Icahn has a reputation as a famed activist investor.

An activist investor is someone seeking to acquire a controlling interest in a company by gaining seats on the company’s board of directors. In turn, they make significant changes to the target company and unlock perceived hidden value within the target company, as the Corporate Finance Institute explained.

Some of these changes include giving more cash back to shareholders — or shedding divisions that the activists think are driving down the stock price, demanding board seats, replacing CEOs, and advocating specific business strategies.

“I have come to believe that activism, on a risk-reward basis, is the best investment paradigm that exists,” Icahn told Bloomberg on Feb. 21. “The reason activism works so well is that, somewhat unfortunately, many public companies are not well run.”

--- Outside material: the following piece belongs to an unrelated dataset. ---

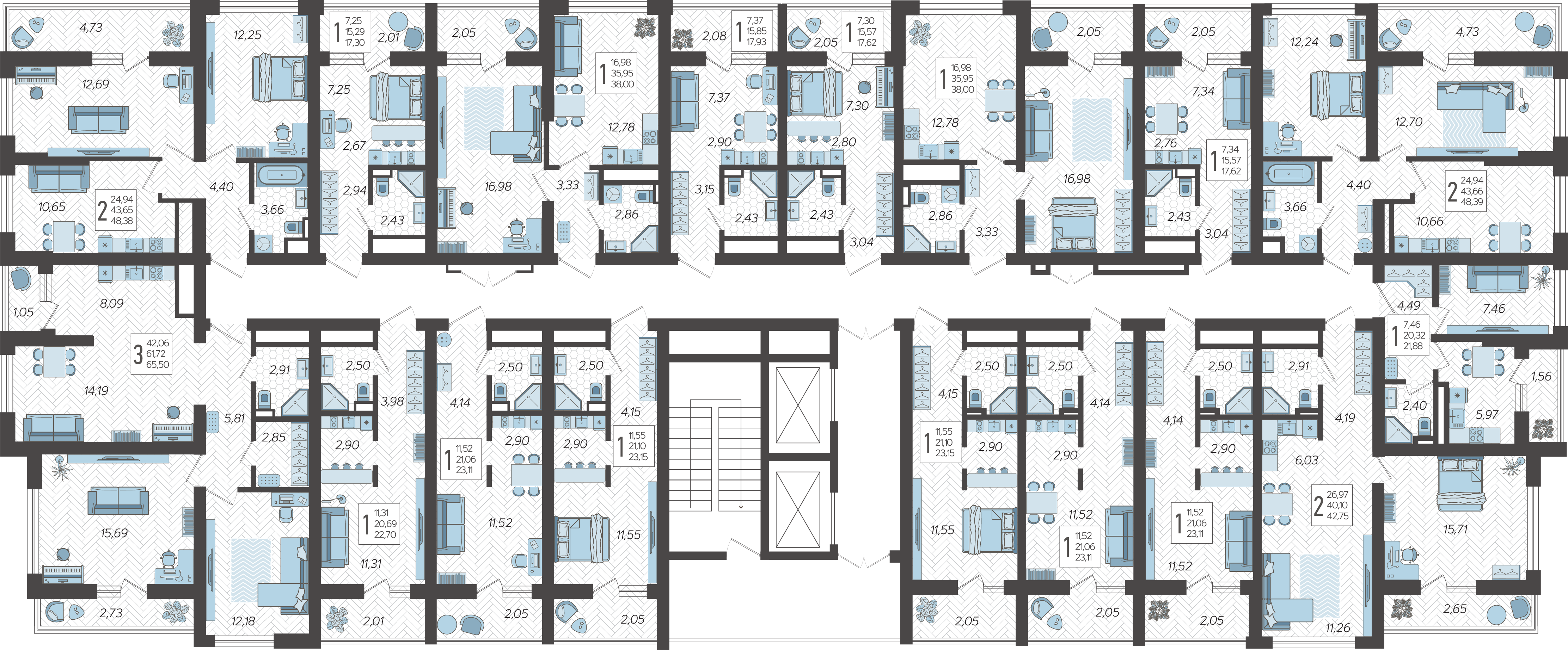 2-комнатная квартира №91, 42.75 м²

As Bloomberg reported, just last week, Icahn Enterprises won four board seats last week at JetBlue Airways Corp. and American Electric Power Co.

Refusing To Focus Too Much on Hot Trends

As The Motley Fool noted, part of investing like Icahn is refusing to focus too much on “hot trends in stocks or about buying the fastest-growth businesses.”

“There are lots of hidden gems out there that are simply unloved or forgotten companies with stocks trading for a discount. Buying a solid business for a fair price can lead to handsome returns for the patient investor,” The Motley Fool added.